A faithful, picture-free copy of the listing below is required.

◆ Dataset content ◆
--------------------------------------------------
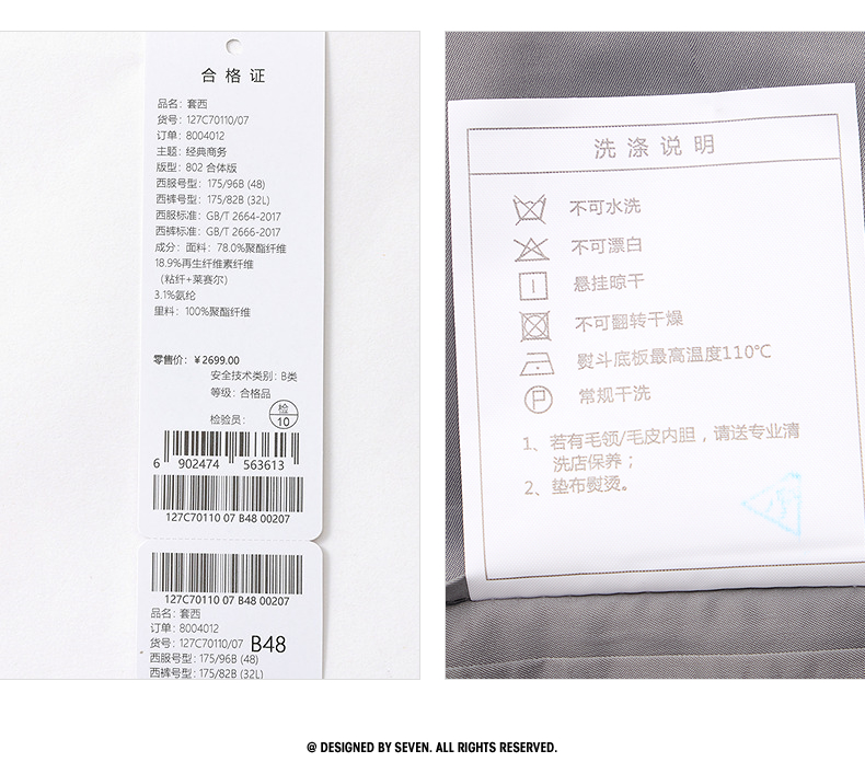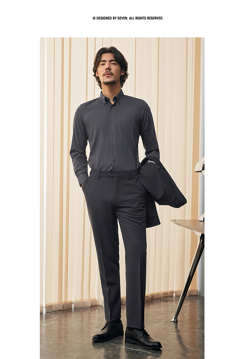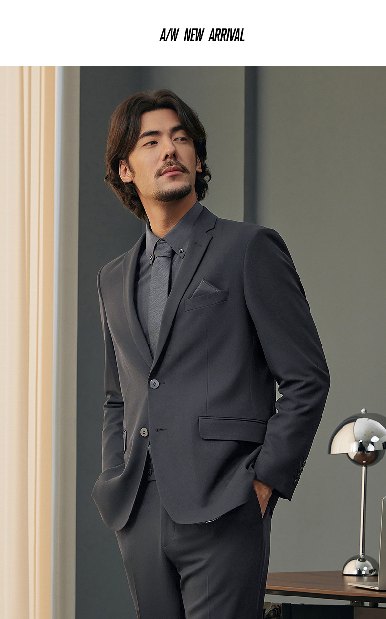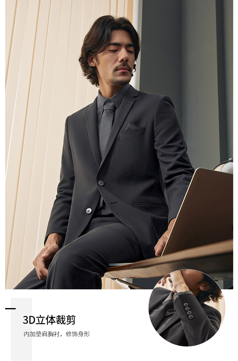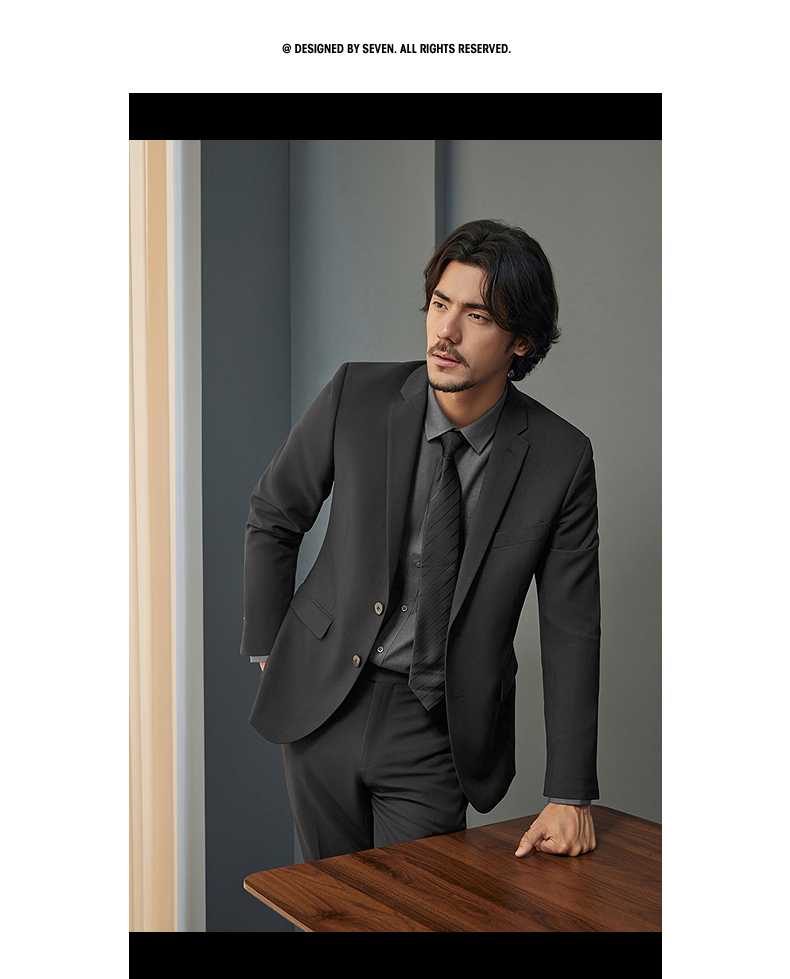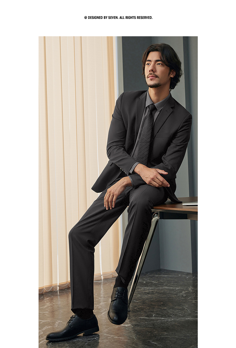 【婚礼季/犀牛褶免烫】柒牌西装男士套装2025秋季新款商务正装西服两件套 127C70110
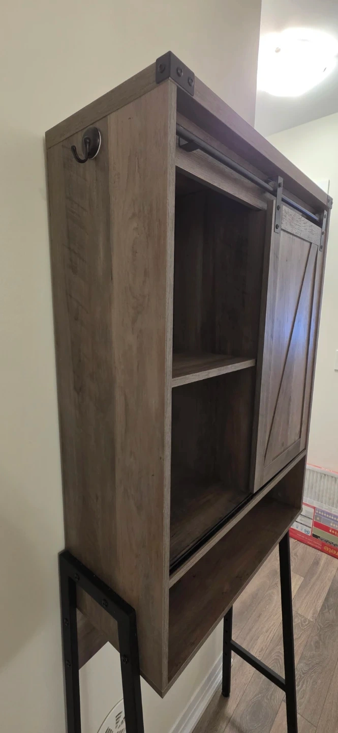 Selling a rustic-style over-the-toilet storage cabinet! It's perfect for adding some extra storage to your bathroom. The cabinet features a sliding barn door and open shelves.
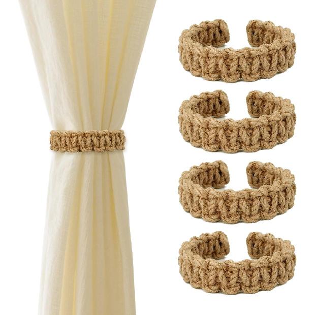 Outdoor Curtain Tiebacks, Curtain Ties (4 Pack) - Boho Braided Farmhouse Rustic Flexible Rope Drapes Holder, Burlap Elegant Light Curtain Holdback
--------------------------------------------------
◆ Result of the task ◆
 【婚礼季/犀牛褶免烫】柒牌西装男士套装2025秋季新款商务正装西服两件套 127C70110
 Selling a rustic-style over-the-toilet storage cabinet! It's perfect for adding some extra storage to your bathroom. The cabinet features a sliding barn door and open shelves.
 Outdoor Curtain Tiebacks, Curtain Ties (4 Pack) - Boho Braided Farmhouse Rustic Flexible Rope Drapes Holder, Burlap Elegant Light Curtain Holdback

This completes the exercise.